SECURITIES AND EXCHANGE COMMISSION

Washington, D.C. 20549

 

FORM 8-K 

 

CURRENT REPORT 

 

Pursuant to Section 13 or 15(d) of the

Securities Exchange Act of 1934

 

Date of Report: October 26, 2015

 

VBI VACCINES INC.

(Exact name of registrant as specified in its charter)

  

Delaware

(State or other jurisdiction of incorporation)

0-18188

(Commission File Number)

93-0589534

(IRS Employer Identification Number)

  

222 3rd Street, Suite 2241

Cambridge, Massachusetts

(Address of principal executive offices)

  

02142

(Zip Code)

 

(617) 830-3031

(Registrant’s telephone number, including area code)

   

(Former Name or Former Address, if changed since last report)

  

Check the appropriate box below if the Form 8-K filing is intended to simultaneously satisfy the filing obligation of the registrant under any of the following provisions:

 

Written communications pursuant to Rule 425 under the Securities Act (17 CFR 230.425)

Soliciting material pursuant to Rule 14a-12 under the Exchange Act (17 CFR 240.14a-12)

Pre-commencement communications pursuant to Rule 14d-2(b) under the Exchange Act (17 CFR 240.14d-2(b))

Pre-commencement communications pursuant to Rule 13e-4(c) under the Exchange Act (17 CFR 240.13e-4(c))

  

 

 
 

 

   

Item 1.01 Entry into a Material Definitive Agreement.

 

Merger Agreement

 

On October 26, 2015 (the “Signing Date”), VBI Vaccines Inc., a Delaware corporation (the “Company”), SciVac Therapeutics Inc., a corporation organized under the laws of British Columbia, Canada (“SciVac”), and Seniccav Acquisition Corporation, a Delaware corporation and wholly owned subsidiary of SciVac (the “Sub”), entered into an Agreement and Plan of Merger (the “Merger Agreement”), pursuant to which, subject to the satisfaction or waiver of certain conditions, the Sub will merge with and into the Company, with the Company surviving as a wholly owned subsidiary of SciVac (the “Proposed Merger”).

 

At the effective time of the Proposed Merger (the “Effective Time”), each share of the Company’s common stock, par value $0.0001 per share (the “Company Common Stock”) (including shares of Company Common Stock issued prior to the Effective Time upon conversion of the Company’s Series 1 Convertible Preferred Stock, par value $0.0001 per share (the “Company Preferred Stock”)) will be converted into the right to receive common shares of SciVac, no par value per share (the “SciVac Common Shares”), in the ratio of 20.808356 SciVac Common Shares for each share of Company Common Stock (subject to proportionate adjustments for forward or reverse stock splits pursuant to the terms of the Merger Agreement) (the “Exchange Ratio”).

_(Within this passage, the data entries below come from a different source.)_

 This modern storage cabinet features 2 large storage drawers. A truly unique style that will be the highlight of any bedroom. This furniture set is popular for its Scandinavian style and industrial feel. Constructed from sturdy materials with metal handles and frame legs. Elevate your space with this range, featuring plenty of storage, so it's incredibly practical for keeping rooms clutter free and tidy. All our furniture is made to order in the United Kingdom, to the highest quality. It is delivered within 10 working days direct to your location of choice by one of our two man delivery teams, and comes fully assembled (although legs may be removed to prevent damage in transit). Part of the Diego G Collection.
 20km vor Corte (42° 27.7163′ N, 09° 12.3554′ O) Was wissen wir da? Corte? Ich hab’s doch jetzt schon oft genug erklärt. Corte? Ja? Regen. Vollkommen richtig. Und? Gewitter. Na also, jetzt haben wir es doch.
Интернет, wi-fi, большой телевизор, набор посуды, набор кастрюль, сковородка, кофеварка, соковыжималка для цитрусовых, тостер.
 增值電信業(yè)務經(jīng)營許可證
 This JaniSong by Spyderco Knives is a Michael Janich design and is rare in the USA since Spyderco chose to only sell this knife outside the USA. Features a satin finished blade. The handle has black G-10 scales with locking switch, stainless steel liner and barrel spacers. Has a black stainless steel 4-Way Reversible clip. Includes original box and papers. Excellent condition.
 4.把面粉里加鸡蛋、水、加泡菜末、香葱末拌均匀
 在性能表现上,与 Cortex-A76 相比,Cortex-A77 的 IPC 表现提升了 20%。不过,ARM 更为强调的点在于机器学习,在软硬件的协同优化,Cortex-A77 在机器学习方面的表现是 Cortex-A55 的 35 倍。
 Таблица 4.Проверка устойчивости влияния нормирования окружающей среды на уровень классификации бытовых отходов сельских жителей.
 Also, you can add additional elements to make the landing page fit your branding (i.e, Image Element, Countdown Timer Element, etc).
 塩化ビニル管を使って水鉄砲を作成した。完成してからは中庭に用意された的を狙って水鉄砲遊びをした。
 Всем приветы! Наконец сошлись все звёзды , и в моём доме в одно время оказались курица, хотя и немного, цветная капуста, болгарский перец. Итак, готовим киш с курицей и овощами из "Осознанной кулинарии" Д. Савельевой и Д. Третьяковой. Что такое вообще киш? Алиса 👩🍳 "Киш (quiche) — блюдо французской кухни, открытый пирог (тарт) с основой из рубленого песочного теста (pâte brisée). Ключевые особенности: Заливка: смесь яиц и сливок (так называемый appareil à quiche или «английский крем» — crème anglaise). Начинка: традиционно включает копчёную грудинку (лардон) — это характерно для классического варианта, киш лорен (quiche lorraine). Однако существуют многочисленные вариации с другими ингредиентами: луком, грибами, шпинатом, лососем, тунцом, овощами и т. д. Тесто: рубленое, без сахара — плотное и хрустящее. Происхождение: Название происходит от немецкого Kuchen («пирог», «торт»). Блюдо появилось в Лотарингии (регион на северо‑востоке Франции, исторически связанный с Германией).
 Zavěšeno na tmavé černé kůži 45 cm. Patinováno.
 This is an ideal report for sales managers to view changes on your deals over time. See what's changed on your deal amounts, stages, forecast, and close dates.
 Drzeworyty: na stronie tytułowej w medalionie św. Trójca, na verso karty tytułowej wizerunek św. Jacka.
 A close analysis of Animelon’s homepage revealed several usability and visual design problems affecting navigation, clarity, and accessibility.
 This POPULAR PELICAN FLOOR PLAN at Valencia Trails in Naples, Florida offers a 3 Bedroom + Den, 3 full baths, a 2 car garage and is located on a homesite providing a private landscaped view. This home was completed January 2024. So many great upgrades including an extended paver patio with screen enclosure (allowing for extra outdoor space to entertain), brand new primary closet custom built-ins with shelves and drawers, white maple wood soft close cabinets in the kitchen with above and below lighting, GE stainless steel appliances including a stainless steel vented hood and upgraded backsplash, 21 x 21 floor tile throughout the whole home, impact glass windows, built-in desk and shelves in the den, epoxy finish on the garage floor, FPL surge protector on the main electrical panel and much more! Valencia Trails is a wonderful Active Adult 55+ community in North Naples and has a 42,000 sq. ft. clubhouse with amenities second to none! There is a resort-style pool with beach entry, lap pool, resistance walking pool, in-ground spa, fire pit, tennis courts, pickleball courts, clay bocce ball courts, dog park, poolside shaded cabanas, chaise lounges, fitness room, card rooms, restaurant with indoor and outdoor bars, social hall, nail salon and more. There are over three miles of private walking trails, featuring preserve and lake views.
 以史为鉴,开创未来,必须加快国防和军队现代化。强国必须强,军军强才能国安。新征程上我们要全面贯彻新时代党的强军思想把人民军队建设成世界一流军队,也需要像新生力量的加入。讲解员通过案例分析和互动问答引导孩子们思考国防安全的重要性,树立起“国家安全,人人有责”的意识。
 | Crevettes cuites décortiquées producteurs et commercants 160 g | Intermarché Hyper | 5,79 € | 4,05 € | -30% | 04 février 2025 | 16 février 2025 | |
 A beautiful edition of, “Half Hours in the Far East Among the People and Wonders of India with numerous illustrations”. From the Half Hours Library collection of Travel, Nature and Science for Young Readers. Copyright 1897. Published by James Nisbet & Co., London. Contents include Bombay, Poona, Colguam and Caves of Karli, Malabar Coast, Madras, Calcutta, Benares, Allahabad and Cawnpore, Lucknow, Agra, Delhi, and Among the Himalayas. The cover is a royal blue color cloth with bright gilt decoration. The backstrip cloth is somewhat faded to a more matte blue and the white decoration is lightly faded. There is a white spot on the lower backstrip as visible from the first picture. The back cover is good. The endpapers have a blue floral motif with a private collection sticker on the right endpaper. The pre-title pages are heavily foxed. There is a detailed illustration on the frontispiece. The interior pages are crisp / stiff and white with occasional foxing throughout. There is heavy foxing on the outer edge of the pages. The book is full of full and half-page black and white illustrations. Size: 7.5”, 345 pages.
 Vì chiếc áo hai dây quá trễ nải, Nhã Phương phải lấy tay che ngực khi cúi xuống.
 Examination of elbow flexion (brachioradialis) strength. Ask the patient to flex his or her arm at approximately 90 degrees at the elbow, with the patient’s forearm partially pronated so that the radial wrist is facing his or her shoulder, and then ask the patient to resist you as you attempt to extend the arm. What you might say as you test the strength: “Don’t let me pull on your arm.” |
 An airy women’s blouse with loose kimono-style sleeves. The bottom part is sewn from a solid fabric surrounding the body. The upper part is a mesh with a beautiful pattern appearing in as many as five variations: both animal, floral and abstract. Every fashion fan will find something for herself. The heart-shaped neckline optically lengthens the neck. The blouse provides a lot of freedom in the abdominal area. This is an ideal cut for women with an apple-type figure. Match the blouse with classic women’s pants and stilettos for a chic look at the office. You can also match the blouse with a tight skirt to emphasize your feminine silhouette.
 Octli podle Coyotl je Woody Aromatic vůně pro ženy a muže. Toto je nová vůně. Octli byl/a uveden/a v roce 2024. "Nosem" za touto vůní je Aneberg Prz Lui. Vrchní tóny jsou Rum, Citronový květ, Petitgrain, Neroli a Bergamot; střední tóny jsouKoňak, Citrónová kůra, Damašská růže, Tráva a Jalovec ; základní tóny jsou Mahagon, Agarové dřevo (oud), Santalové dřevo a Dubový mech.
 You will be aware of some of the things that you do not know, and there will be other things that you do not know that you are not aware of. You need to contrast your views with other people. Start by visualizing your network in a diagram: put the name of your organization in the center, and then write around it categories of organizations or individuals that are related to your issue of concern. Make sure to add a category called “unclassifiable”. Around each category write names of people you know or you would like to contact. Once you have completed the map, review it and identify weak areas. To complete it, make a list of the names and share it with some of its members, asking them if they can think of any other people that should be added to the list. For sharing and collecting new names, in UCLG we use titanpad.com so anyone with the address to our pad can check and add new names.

No fraction of a SciVac Common Share will be issued, but instead the number of SciVac Common Shares to be issued to each holder of shares of Company Common Stock who would otherwise be entitled to a fraction of a SciVac Common Share will be rounded down to the nearest whole SciVac Common Share. The total number of SciVac Common Shares that becomes issuable to the former holders of the Company’s Common Stock at the Effective Time is referred to as the “Merger Consideration”.

 

In addition, at the Effective Time, (i) each outstanding warrant to purchase a share of Company Common Stock and (ii) each outstanding option to purchase a share of Company Common Stock, whether vested or unvested, and so long as such warrant or option has not, prior to the Effective Time, been exercised, cancelled, terminated or expired, will be deemed to constitute a warrant or an option, as applicable, to purchase, on the same terms and conditions, a number of SciVac Common Shares (rounded down to the nearest whole share) equal to the product of (i) the number of shares of Company Common Stock subject to such warrant or option multiplied by (ii) the Exchange Ratio, at an exercise price per SciVac Common Share equal to the quotient of (i) the exercise price per share of Company Common Stock (rounded up to the nearest cent) subject to such warrant or option (converted first into Canadian dollars as further described in the Merger Agreement) divided by (ii) the Exchange Ratio.

 

The Company, SciVac and Sub each made customary representations, warranties and covenants in the Merger Agreement, including, among others, covenants by each of the Company and SciVac to, subject to certain exceptions, conduct its business in the ordinary course during the interim period between the Signing Date and the Effective Time.

 

The obligation of the parties to consummate the Proposed Merger is subject to a number of closing conditions, including, among other customary conditions:

 

  

 

the Company’s stockholders will have approved the Merger Agreement and the Proposed Merger at a special meeting of its stockholders to be held at a time and place to be determined (the “Company Stockholder Approval”);

 

 

 

 

 

 

SciVac’s shareholders will have approved issuance of the Merger Consideration, the change of SciVac’s name to “VBI Vaccines Inc.” and a new equity incentive plan (the “SciVac Shareholder Approval”);

 

 

 

 

 

 

SciVac must have obtained the conditional approval of the Toronto Stock Exchange (the “TSX”) to list the Merger Consideration on the TSX, with final approval subject to receipt of the SciVac Shareholder Approval;

       

 

 

NASDAQ or the New York Stock Exchange (the “NYSE”) must have approved an initial listing application of SciVac on a post-merger basis, and the Merger Consideration shall have been approved for quotation or listing, as the case may be, on NASDAQ or the NYSE, as applicable;

 

 

 
 

 

 

 

 

termination of the waiting period under the Hart-Scott-Rodino Antitrust Improvements Act of 1976, as amended;

       
 

 

the absence of any injunction or similar restraint prohibiting or making illegal consummation of the Proposed Merger or any of the other transactions contemplated by the Merger Agreement;

       
 

 

the effectiveness of the registration statement in connection with the issuance of the Merger Consideration in the Proposed Merger; and

       
 

 

SciVac and the Company must have consummated the $25 million financing transaction to be completed concurrently with the Proposed Merger.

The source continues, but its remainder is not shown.